__Material to process__
------------------------------------------------------------------------

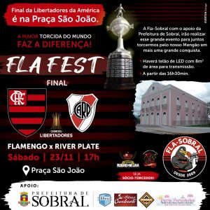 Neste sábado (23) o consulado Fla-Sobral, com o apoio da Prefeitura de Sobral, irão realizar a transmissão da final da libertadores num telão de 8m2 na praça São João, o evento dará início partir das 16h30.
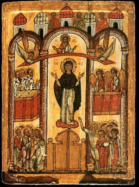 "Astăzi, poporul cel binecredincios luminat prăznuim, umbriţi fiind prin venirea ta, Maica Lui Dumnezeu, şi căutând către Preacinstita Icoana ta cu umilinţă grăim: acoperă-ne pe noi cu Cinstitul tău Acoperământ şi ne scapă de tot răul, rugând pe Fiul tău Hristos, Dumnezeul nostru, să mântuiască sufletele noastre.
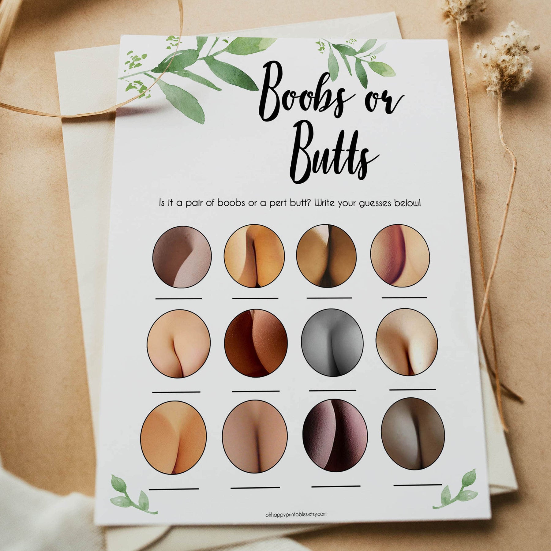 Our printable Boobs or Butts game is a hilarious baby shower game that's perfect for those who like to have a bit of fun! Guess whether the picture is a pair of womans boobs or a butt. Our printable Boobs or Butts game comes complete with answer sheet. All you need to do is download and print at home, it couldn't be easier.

------------------------------------------------------------------------

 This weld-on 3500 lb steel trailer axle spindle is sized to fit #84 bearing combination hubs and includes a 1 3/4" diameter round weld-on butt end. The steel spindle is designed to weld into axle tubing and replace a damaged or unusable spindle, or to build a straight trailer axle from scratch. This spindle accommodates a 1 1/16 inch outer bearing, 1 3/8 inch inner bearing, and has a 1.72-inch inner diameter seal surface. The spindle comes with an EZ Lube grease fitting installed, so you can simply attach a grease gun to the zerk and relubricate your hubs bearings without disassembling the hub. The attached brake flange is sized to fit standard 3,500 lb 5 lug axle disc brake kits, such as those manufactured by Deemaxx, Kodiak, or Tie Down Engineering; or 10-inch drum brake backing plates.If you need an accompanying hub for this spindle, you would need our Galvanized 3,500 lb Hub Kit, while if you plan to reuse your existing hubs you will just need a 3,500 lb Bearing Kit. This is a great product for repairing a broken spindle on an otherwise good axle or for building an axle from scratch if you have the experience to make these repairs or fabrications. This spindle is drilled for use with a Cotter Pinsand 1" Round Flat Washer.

------------------------------------------------------------------------

__Exercise__
In the records above, find the line with "Neste sábado (23)" and the line with "mântuiască sufletele noastre."; please transcribe exactly those two lines and all lines between them, omitting any picture.

__Result of this task__
 Neste sábado (23) o consulado Fla-Sobral, com o apoio da Prefeitura de Sobral, irão realizar a transmissão da final da libertadores num telão de 8m2 na praça São João, o evento dará início partir das 16h30.
 "Astăzi, poporul cel binecredincios luminat prăznuim, umbriţi fiind prin venirea ta, Maica Lui Dumnezeu, şi căutând către Preacinstita Icoana ta cu umilinţă grăim: acoperă-ne pe noi cu Cinstitul tău Acoperământ şi ne scapă de tot răul, rugând pe Fiul tău Hristos, Dumnezeul nostru, să mântuiască sufletele noastre.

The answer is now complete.